● EXERCISE DATA

-- -- --

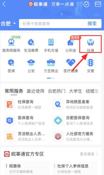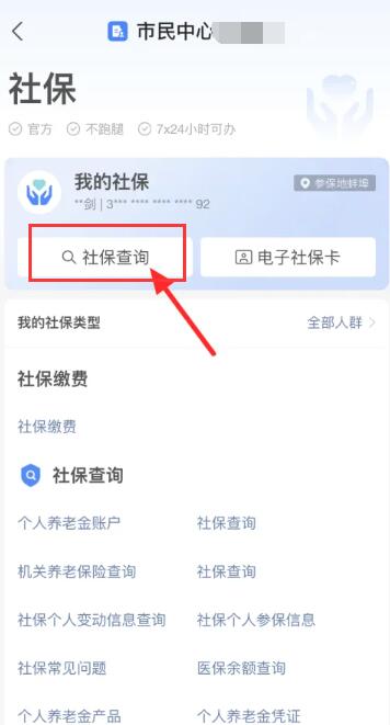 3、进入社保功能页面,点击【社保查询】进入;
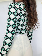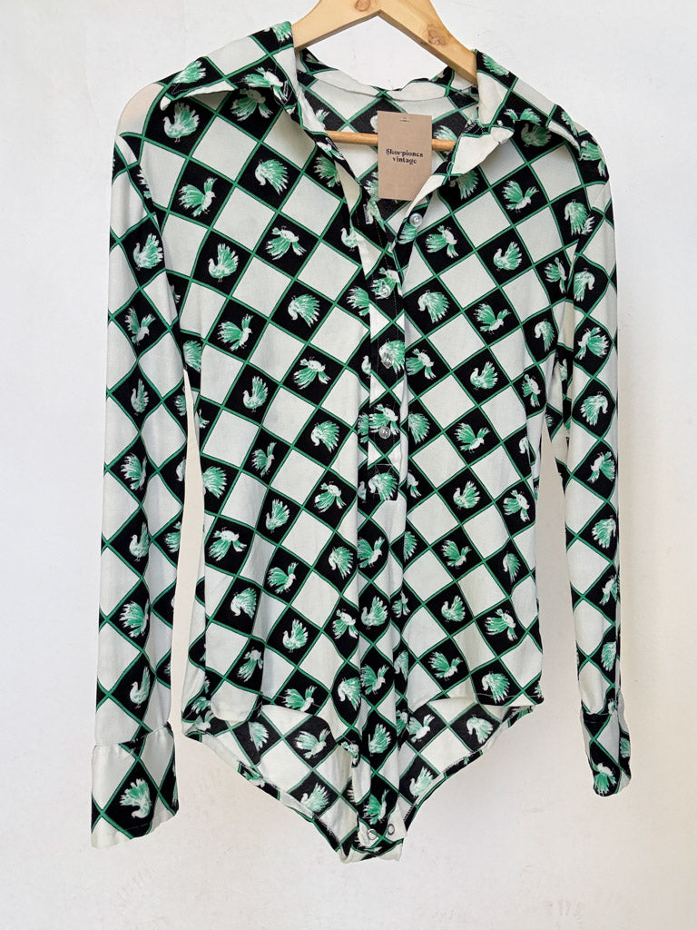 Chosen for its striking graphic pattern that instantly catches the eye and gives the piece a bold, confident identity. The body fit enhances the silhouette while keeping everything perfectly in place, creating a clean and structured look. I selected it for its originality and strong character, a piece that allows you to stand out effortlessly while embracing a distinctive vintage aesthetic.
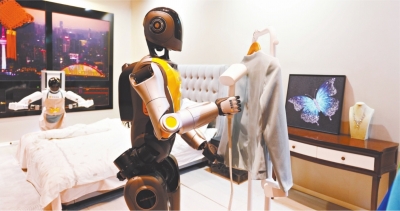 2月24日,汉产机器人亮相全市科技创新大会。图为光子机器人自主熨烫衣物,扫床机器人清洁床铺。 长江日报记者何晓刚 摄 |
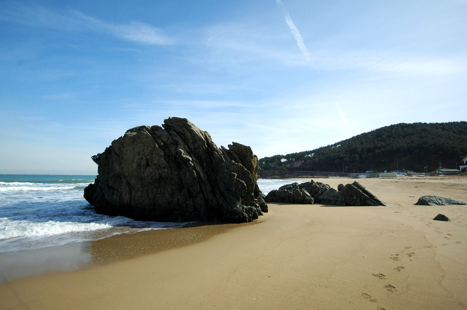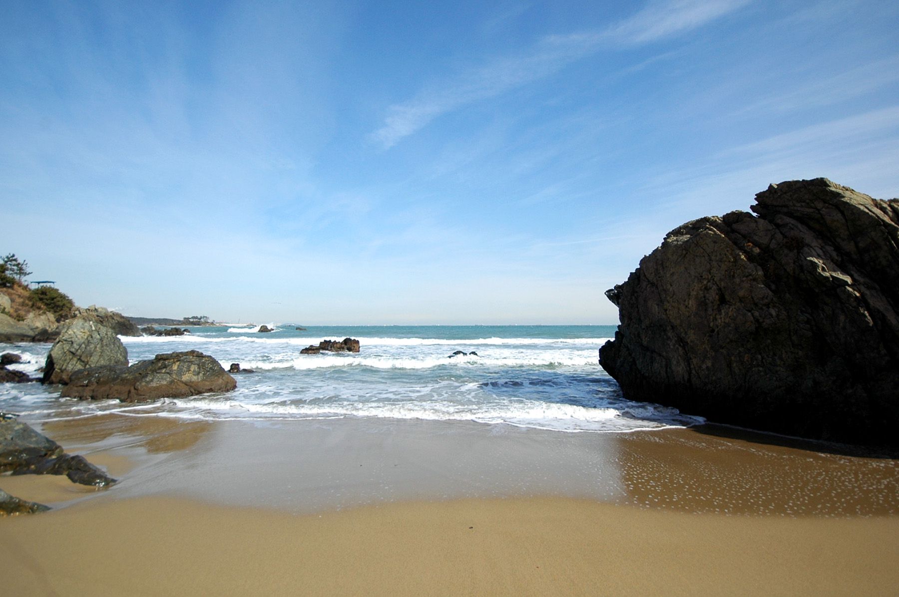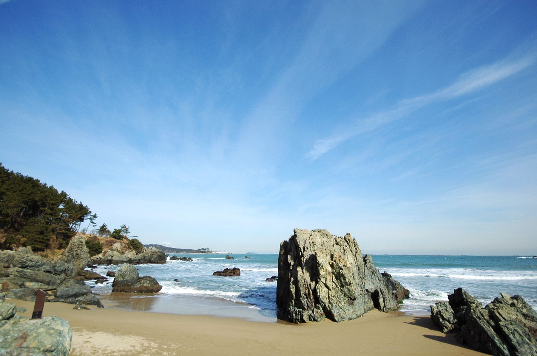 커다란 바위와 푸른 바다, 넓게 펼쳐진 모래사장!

-- -- --

● PROBLEM STATEMENT
Transcribe the listing exactly; omit all images.

● PROBLEM SOLUTION
 3、进入社保功能页面,点击【社保查询】进入;
 Chosen for its striking graphic pattern that instantly catches the eye and gives the piece a bold, confident identity. The body fit enhances the silhouette while keeping everything perfectly in place, creating a clean and structured look. I selected it for its originality and strong character, a piece that allows you to stand out effortlessly while embracing a distinctive vintage aesthetic.
 2月24日,汉产机器人亮相全市科技创新大会。图为光子机器人自主熨烫衣物,扫床机器人清洁床铺。 长江日报记者何晓刚 摄 |
 커다란 바위와 푸른 바다, 넓게 펼쳐진 모래사장!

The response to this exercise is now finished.